この地球上のどこであっても、矛盾の無い社会制度などない。人種や宗教や性別や学歴や職業や年齢や、その他いろいろな属性がもたらす階層の違いという問題を抱えていない国もない。だから、この物語は世界的に「普遍性があるように見える」オハナシになっている。かくして、「自分は他人より頭が良い」と思っているスノッブどもは、入れ食いでこの作品を取り上げることになるわけである。「頭の良い私は社会の問題に気づいているぞ!」と一刻も早く喋りたくてたまらなくなるわけだね。
まあ、「こういう記事書いてるオマエも大概俗物だよな?」という批判は甘んじて受けることにしよう。
さて、そんな感じで何らかの「普遍性」を意識している映画ではあると解釈されがちであるようだが、しかし、俺はこの作品に埋め込まれている、恐ろしいほどアメリカンで普遍性に欠けるというか、はっきりきっぱりアメリカという国の宣伝映画になってる「臭い」の方を圧倒的に強く感じてしまった。

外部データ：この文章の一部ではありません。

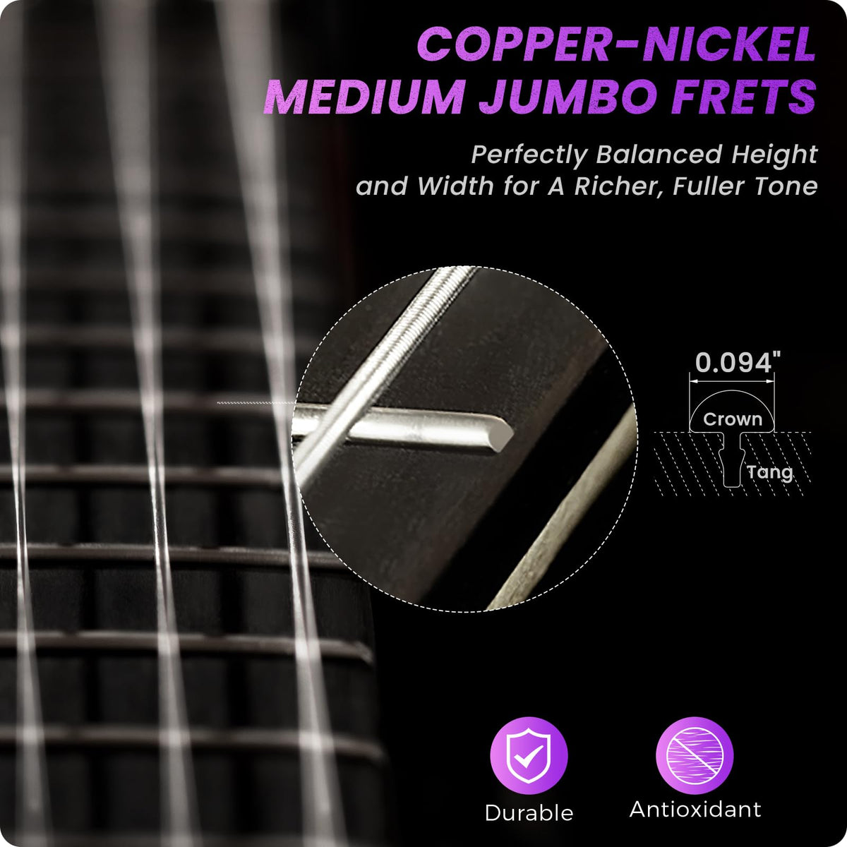 • Q: How many frets does this electric guitar have? A: This electric guitar has 24 frets, allowing for a wide tonal range and enabling both rhythm playing and lead solos.

それは決して悪いことではない。むしろこの作品は、別に時や場所を超えた普遍性があるわけではなく、現在のアメリカ社会に縛られまくって作られた、紛れも無く2016年を象徴するアメリカの作品だということである。
以下、特にその「臭い」の強かった点を3つほど取り上げよう。1つ目は「社会の問題は、我々が挑戦すれば解決出来るのだ」という発想が強いこと。2つ目は、「この社会はある種の嘘だがそれを守ることが正しい」という点。そして3つ目は「この社会を作った主体については積極的には考えない」というところである。

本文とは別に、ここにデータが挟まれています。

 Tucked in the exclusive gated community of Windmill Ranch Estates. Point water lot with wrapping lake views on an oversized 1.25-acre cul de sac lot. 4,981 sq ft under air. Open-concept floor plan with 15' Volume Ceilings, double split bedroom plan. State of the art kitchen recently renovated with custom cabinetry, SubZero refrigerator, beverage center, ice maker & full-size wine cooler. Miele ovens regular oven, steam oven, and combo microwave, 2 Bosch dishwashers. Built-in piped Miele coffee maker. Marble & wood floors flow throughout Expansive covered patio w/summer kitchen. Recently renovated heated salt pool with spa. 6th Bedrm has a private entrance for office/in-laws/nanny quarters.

まず1つ目。「挑戦は素晴らしい」というのは一見正しいテーゼなように思えるが、人間が何かに挑戦するためには、挑戦するべき課題が何なのかをクリアにしておかねばならない。でも『ズートピア』の世界ではその点を悩む必要がない。とにかく「挑戦しない」ことを選んだ主人公の両親はその姿勢をはっきり否定されているが、しかし「今の生活を保守する」というのも結構な「挑戦」ではないのだろうか? などということを考えてはイカンのである。ヒネくれて詐欺師をやっていたキツネは、警察官としての生き方を選ぶ。そして詐欺師が警察官になるという挑戦も社会は許すべきでなわけである。そして挑戦すれば解決する。ヒャッハー、Tryは最高だぜ! 「挑戦すれば『何でも』出来るべき社会が正しい」というのは、俺自身も確かにそう言われればもちろん同意せざるを得ないが、これは強力にアメリカンなイデオロギーだ。「ボクの選択肢は本当にこの挑戦で良いのだろうか」「この問題は本当にこの解決法で良いのだろうか」などとウジウジ悩む余地はない。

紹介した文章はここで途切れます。